6.2. Induction of Inflammatory Pathways Independent of the PAF-R

Finally, the majority of the pro-inflammatory effects of PAF are due to PAF binding to the PAF-R. However, recently it has been discovered that PAF can mediate NLRP3 (nucleotide-binding oligomerization domain, leucine-rich repeat–containing receptor family pyrin domain-containing 3)-NEK7 (NIMA-related kinase 7) inflammasome induction independently of the PAF-R [295]. Notably, PAF and PAFLL can activate the inflammasome resulting in IL-18 and IL-1β maturation, which is dependent on NLRP3, ASC (apoptosis-associated speck like protein containing a caspase recruitment domain), caspase-1, potassium efflux, and calcium influx. These findings are significant as they may explain why despite promising data, PAF antagonists have previously failed to exhibit clinical benefit in clinical trials relating to PAF-mediated inflammation in sepsis, acute pancreatitis, and asthma [171,296,297,298]. Additionally, the PAF-R modulates colitis-induced pulmonary inflammation through the NLRP3 inflammasome [299]. Considering the link between PAF/PAF-R and activation of the NLRP3 inflammasome, further research is required to discern whether PAF also activates the NLRP3 inflammasome in atherosclerosis [300].

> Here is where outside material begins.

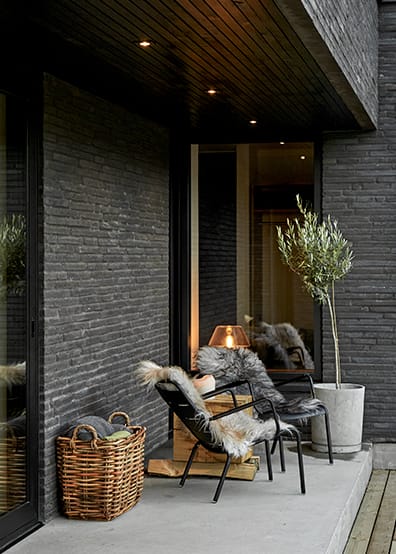 Dessa tegelstenars "livfulla" svarta färg får byggnaden att smälta in i sina skogsklädda omgivningar, samtidigt som den skapar en känsla av värme vid hemmets entré.
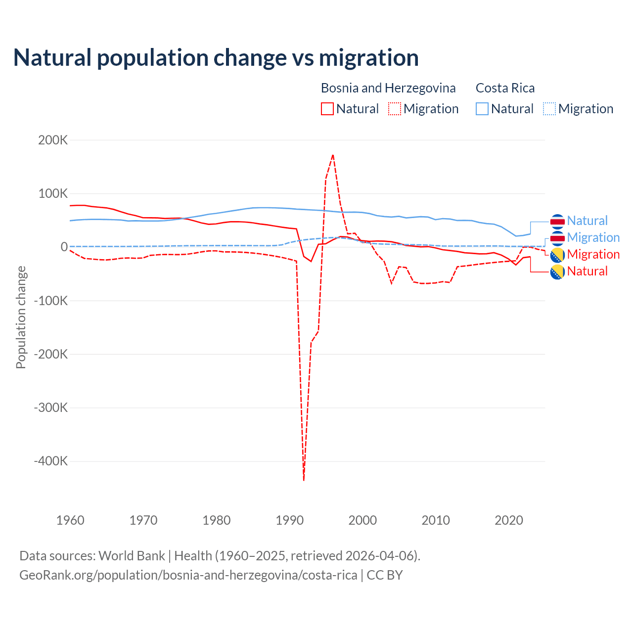 Over the last 10 years, 41.1% of the population change in Bosnia and Herzegovina is from natural causes (a loss of 169,384 people) and 58.9% is from migration (a loss of 243,117 people). In Costa Rica 96.3% is from natural causes (a gain of 362,624 people) and 3.69% is from migration (a gain of 13,900 people).

7. Conclusions and Future Research Perspectives

It is clear that the discovery and structural elucidation of PAF sparked major interest into the role of PAF in physiology and pathophysiology, along with lipid mediators in general from the 1970s onwards. When the role of PAF in various diseases became clear researchers began to search for and design molecules to inhibit the actions of PAF. The aim of this article was to try present an overall picture of some of the historical perspectives and current research trends in relation to PAF research. It is clear from the wealth of evidence presented that understanding the mechanisms of PAF/PAF-R signalling in health and disease has yet to be fully elucidated. However, the discovery of various PAF and PAFLL agonists and antagonists, the role of the PAF metabolic enzymes in diseases, solving the human PAF-R structure, and identifying PAF signalling mechanisms independent of the PAF-R are some of the many major achievements in current PAF research. Nevertheless, despite all of these achievements, clinical trials have failed to demonstrate the efficacy of PAF-R antagonists in the treatment of inflammatory diseases. Similarly, lipidomic research has yet to provide a reliable, reproducible, and inexpensive method of PAF and PAFLL identification and quantification to be used as a biomarker of inflammatory diseases. These are just some of the many challenges that exist in PAF research. The importance to research PAF and its related signalling processes lies in the fact that it is involved in so many inflammation-related diseases, particularly CVD. However, as per Section 6, there have been critical breakthroughs in PAF research that hold significant promise in this research field. Future PAF research will most likely target PAF in conjunction with various other inflammatory mediators for novel multi-modal therapeutics. Therefore, it is clear that there is an abundance of research yet to be conducted to fully understand the mechanisms induced and governed by PAF and its metabolism in physiology and pathophysiology.